In addition, when the alkyl chain is branched or cyclic, the branched carbon is easily subjected to electrical oxidation or reduction, so that the preferable alkyl difference is linear.

The alkyl group in this embodiment is preferably an alkyl group having a long chain length. That is, an alkyl group such as an ethyl group, a propyl group, a butyl group, a pentyl group, a hexyl group, a heptyl group, an octyl group, a nonyl group, a decyl group, and an eicosanyl group is preferable to a methyl group. This is because the use of an alkyl group having a long chain length facilitates the interaction between the host material and the dopant material, and as a result, the dopant material is more easily dispersed.
On the other hand, when the chain length of the alkyl group is short, it is considered to be behind the substituents around the alkyl group, and the alkyl group is unlikely to interact with other molecules. However, when the chain length of the alkyl group is excessively long, the glass transition point of the material itself is likely to be lowered and the heat resistance may be poor. From such a viewpoint, the alkyl group suitably used in the present embodiment is an ethyl group, a propyl group, a butyl group, or a pentyl group, particularly preferably an ethyl group, a propyl group, or a butyl group, Most preferred are ethyl group and propyl group.
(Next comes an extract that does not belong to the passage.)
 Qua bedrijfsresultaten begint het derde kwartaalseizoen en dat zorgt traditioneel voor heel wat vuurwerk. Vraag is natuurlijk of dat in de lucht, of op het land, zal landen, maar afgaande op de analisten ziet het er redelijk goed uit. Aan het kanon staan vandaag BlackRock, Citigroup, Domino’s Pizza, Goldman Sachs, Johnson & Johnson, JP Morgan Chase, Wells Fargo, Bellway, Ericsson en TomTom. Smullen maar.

In the molecular structure of the host material or dopant material, the alkyl group may be substituted with any part of the molecular structure, but from the viewpoint of molecular stability, preferably a benzene ring, a naphthalene ring, an anthracene ring, a phenanthrene ring. , A pyridine ring, a furan ring, an aromatic hydrocarbon ring such as a carbazole ring (in particular, a benzene ring or a pyridine ring is more preferable, and a benzene ring is particularly preferable) or an aromatic heterocyclic ring. preferable.
Furthermore, when the host material or dopant material is a compound having a chalcogen atom such as an oxygen atom, a sulfur atom, or a selenium atom, an alkyl group is bonded to such a chalcogen atom from the same viewpoint as described above. Is preferred.
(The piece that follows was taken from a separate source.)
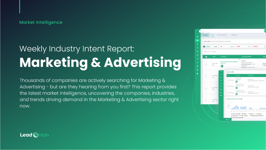 Access a breakdown of key intent signals from the 37,956 companies actively researching Marketing & Advertising solutions.

  In the present embodiment, the number of substituents S is not particularly limited, but the number of substituents in one molecule is preferably 1 to 20, more preferably 1 to 10, and most preferably 2 to 8. When the number of the substituents S exceeds 20, the glass transition temperature of the compound decreases or becomes oily at room temperature, which is not preferable.
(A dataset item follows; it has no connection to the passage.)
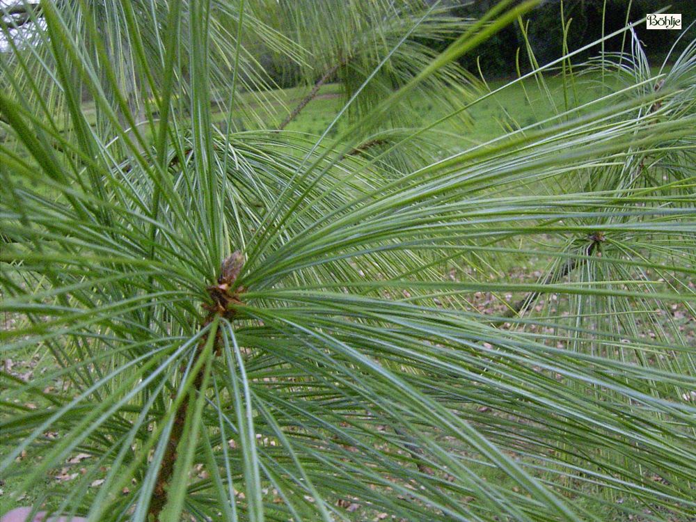 Konifere mit dünnen, bläulichgrünen Nadeln, hängend, Zapfen mit Hartztropfen überzogenk daher "Tränen-Kiefer"

In this embodiment, both the dopant material and the host material have an alkyl group having 1 to 30 carbon atoms as a partial structure. As described above, when forming an organic layer of an organic electroluminescent element using a low molecular material, a vapor deposition method has been generally employed. Here, when a substituent is introduced and the molecular weight of the compound increases, the compound tends to hardly evaporate. That is, since vapor deposition tends to be more difficult, those skilled in the art have never intentionally introduced an alkyl group (particularly, a long-chain alkyl group) as a substituent into a conventionally known low-molecular material.
In addition, as a method for adjusting the emission characteristics of the dopant material or the host material, a so-called chromophore is introduced, or a method of changing the bond angle of a single bond in a compound by introducing some substituent, Methods of changing are known. However, alkyl groups generally do not belong to chromophores. Moreover, small substituents are sufficient to change the bond angle for a single bond. Also from these facts, those skilled in the art did not intentionally introduce an alkyl group (particularly, a long-chain alkyl group) as a substituent into a conventionally known low molecular weight material.
In the present embodiment, the compatibility between the dopant material and the host material affects the light emission characteristics of the organic electroluminescent element, and the above-described tendency has been found to increase in the wet film forming method. Such an alkyl group is introduced into both the dopant material and the host material.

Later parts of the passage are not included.